Smad7与先天性心脏病关系的研究进展

来源:生物谷 发布时间:2009年02月03日 浏览次数: 【字体: 收藏 打印文章
2009年1月的国际期刊《生物化学杂志》(JBC) 发表了中科院上海生科院营养科学研究所陈雁研究组对于Smad7活体生物学功能研究的一项新发现。

Smad7是调控TGF-beta信号通路的一个关键蛋白,TGF-beta具有了多种生物学功能,包括细胞分化、肿瘤生长、免疫调节、组织纤维化、以及胚胎早期发育等多个环节。Smad7特异性结合TGF-beta受体,抑制TGF-beta信号通路的转导,在多种人类疾病中都有Smad7的表达异常,但Smad7的活体生物学功能一直不太清楚。
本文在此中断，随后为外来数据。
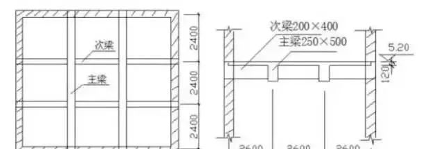 [例10-18]某现浇钢筋混凝土有梁板,如图所示,胶合板模板,钢支撑,计算有梁板模板工程量,确定定额项目。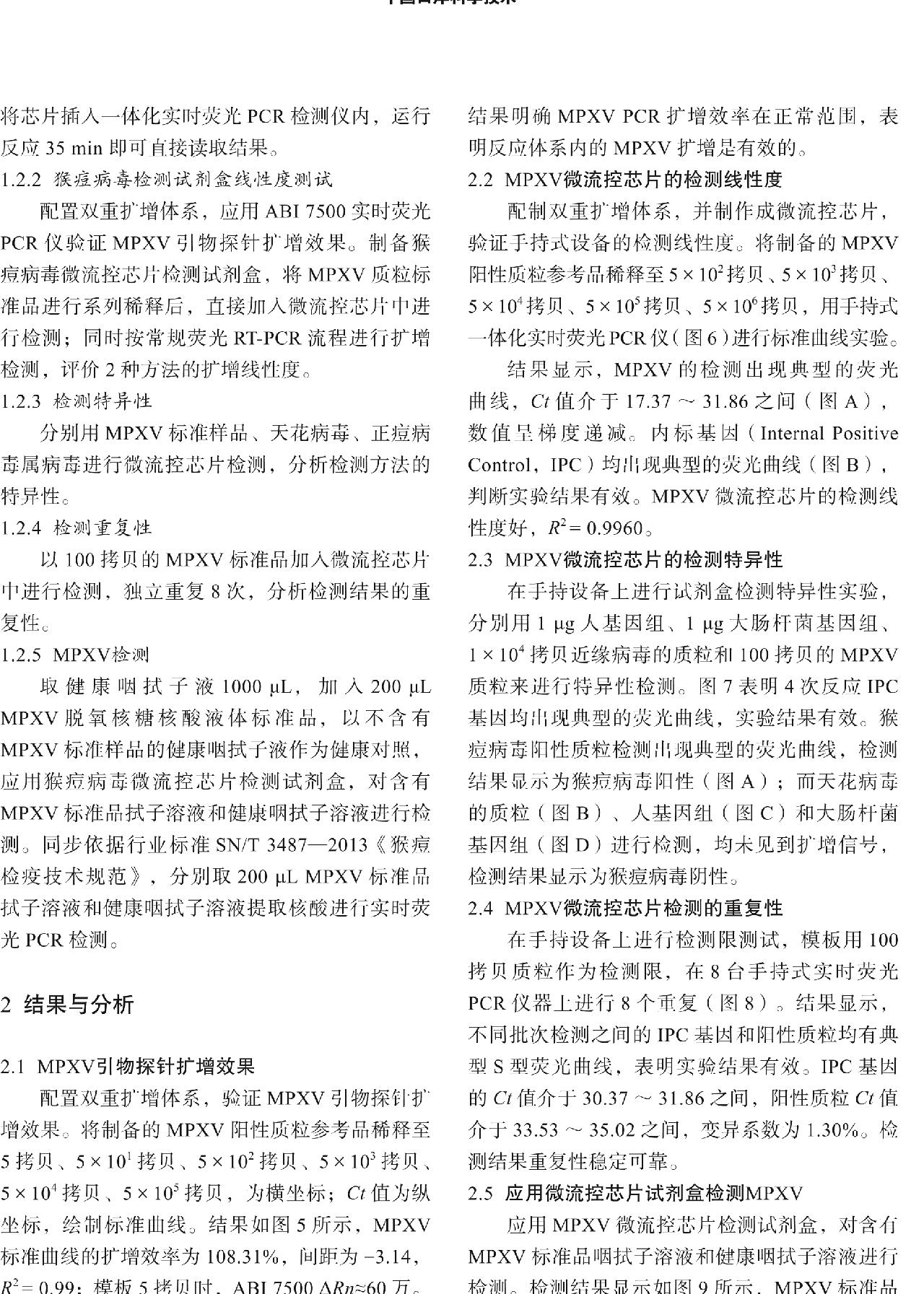 关键词 猴痘病毒;微流控芯片;荧光RT-PCR;快速检测

在该工作中,陈雁研究组与美国Indiana大学的Shou教授研究组合作,首次建立一个条件性Smad7基因敲除小鼠模型。发现Smad7功能缺失可以在小鼠胚胎中导致先天性心脏病,小鼠心脏出现室间隔缺损、主动脉和肺动脉移位、心肌形态异常。在少数存活的Smad7基因敲除成年小鼠中,出现心脏功能紊乱、心律不齐。在进一步的研究中,发现胚胎期心脏的TGF-beta信号通路、细胞增殖、以及细胞凋亡都发生了相应的变化。这一研究成果第一次揭示了Smad7与先天性心脏病的关系,提示Smad7与动物心脏发育和心脏功能密切相关。该项目受到了国家重大科学计划等基金的支持。

推荐原始出处:

J. Biol. Chem., Vol. 284, Issue 1, 292-300, January 2, 2009

Smad7 Is Required for the Development and Function of the Heart*

Qian Chen, Hanying Chen, Dawei Zheng, Chenzhong Kuang, Hong Fang||, Bingyu Zou, Wuqiang Zhu, Guixue Bu, Ting Jin, Zhenzhen Wang, Xin Zhang, Ju Chen**, Loren J. Field, Michael Rubart, Weinian Shou||1, and Yan Chen2

From the  Department of Medical and Molecular Genetics, Riley Heart Research Center, Herman B. Wells Center for Pediatric Research, Division of Pediatric Cardiology, and ||Department of Biochemistry and Molecular Biology, Indiana University School of Medicine and the Walther Cancer Institute, Indianapolis, Indiana 46202, the ?Institute for Nutritional Sciences, Shanghai Institutes for Biological Sciences, Chinese Academy of Sciences, Shanghai 200031, China, and the **Department of Medicine, University of California San Diego, La Jolla, California 92093

Transforming growth factor-β (TGF-β) family members, including TGF-βs, activins, and bone morphogenetic proteins, exert diverse biological activities in cell proliferation, differentiation, apoptosis, embryonic development, and many other processes. These effects are largely mediated by Smad proteins. Smad7 is a negative regulator for the signaling of TGF-β family members. Dysregulation of Smad7 is associated with pathogenesis of a variety of human diseases. However, the in vivo physiological roles of Smad7 have not been elucidated due to the lack of a mouse model with significant loss of Smad7 function. Here we report generation and initial characterization of Smad7 mutant mice with targeted deletion of the indispensable MH2 domain. The majority of Smad7 mutant mice died in utero due to multiple defects in cardiovascular development, including ventricular septal defect and non-compaction, as well as outflow tract malformation. The surviving adult Smad7 mutant mice had impaired cardiac functions and severe arrhythmia. Further analyses suggest that Smad2/3 phosphorylation was elevated in atrioventricular cushion in the heart of Smad7 mutant mice, accompanied by increased apoptosis in this region. Taken together, these observations pinpoint an important role of Smad7 in the development and function of the mouse heart in vivo.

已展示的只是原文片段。